図5は、打継面処理判定システム100の主な処理の流れを示すフロー図であり、中央の列に実施する処理を示し、左列にはその処理に必要な入力情報を、右列にはその処理から生まれる出力情報を示している。
【0043】
ある程度硬化したコンクリ―ト表面に対して打継面処理が行われると、例えばUAVに搭載されたデジタルカメラによってそのコンクリ―ト表面を撮影して原画像を取得する(
図5のStep101)。原画像が原画像記憶手段105(
図1)に記憶されると、平滑化処理手段101が原画像を読み出し、その原画像に対してメディアンフィルタ処理といった平滑化処理を行うことによって第1平滑化画像と第2平滑化画像を生成する(
図5のStep102)。
【0044】
第1平滑化画像と第2平滑化画像が生成されると、骨材抽出手段102が画素値差分を求めて差分画像を生成するとともに(
図5のStep103)、画素値差分と骨材閾値を照らし合わせることによって骨材部分を抽出した画像(以下、「骨材分布画像」という。
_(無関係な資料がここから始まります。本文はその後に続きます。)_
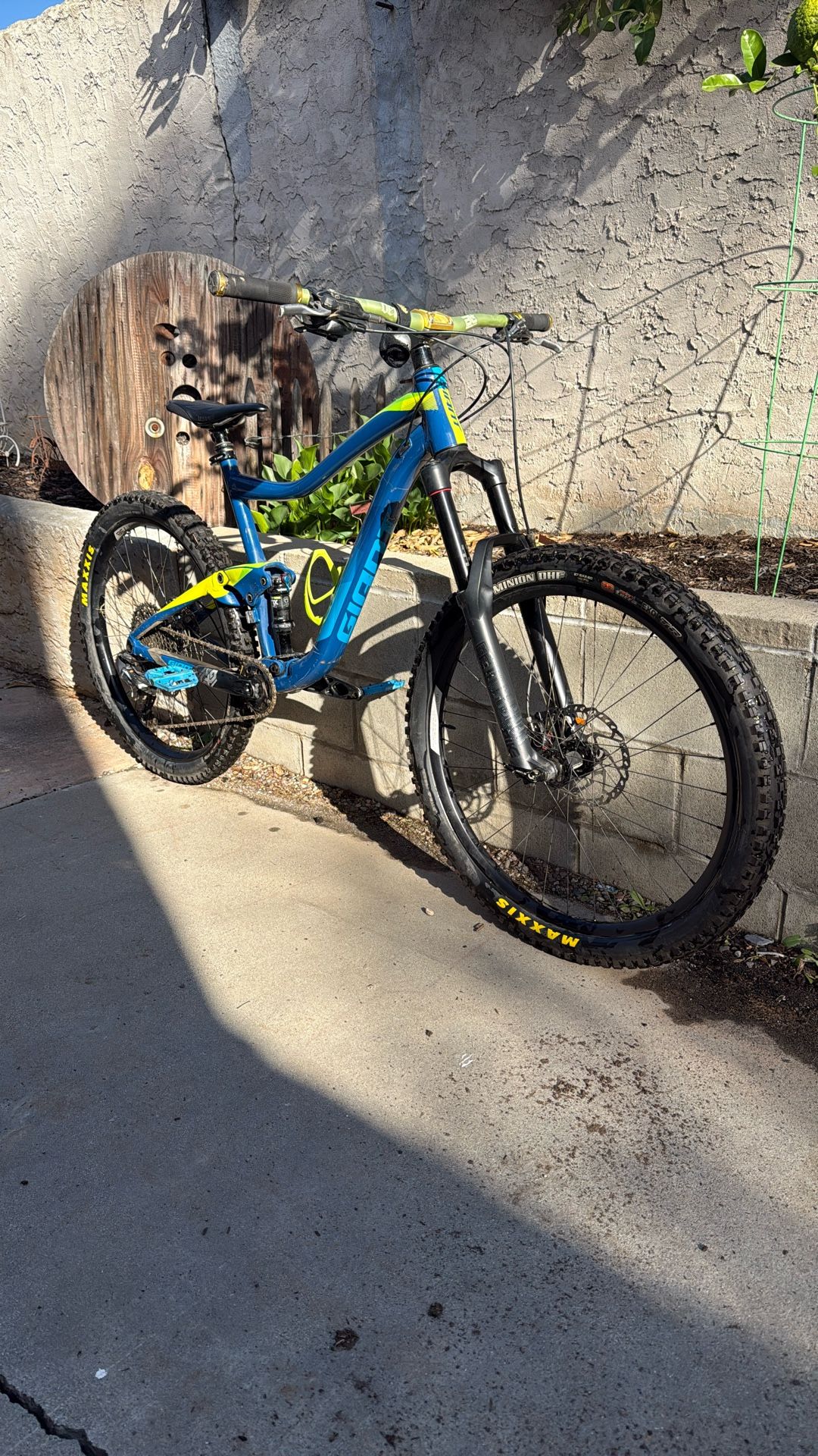 Fully custom Mountain Bike Giant Large Frame RockShox Pike 36 Fox Float EVOL DPS rear Full GX Eagle 51 drivetrain Ibis 738 wheelset Diety Handlebars Crank Brothers Stamp pedals Fox transfer dropper seat post Maxxis Minion DHR 2.6 tires

)を生成する(
図5のStep104)。骨材分布画像が生成されると、処理度判定手段103が分割対象領域を設定するとともに(
図5のStep105)、差分画像(分割対象領域の差分画像)の面積と骨材部分(分割対象領域に含まれる骨材部分)の面積に基づいて分割対象領域ごとに骨材分布割合を算出し(
図5のStep106)、さらに骨材分布割合と処理度閾値を比較することで分割対象領域ごとに打継面処理度を判定する(
図5のStep107)。
【0045】
既述したとおり骨材閾値や処理度閾値は、試験施工を行うことで設定することができ、この場合も打継面処理判定システム100を使用することができる。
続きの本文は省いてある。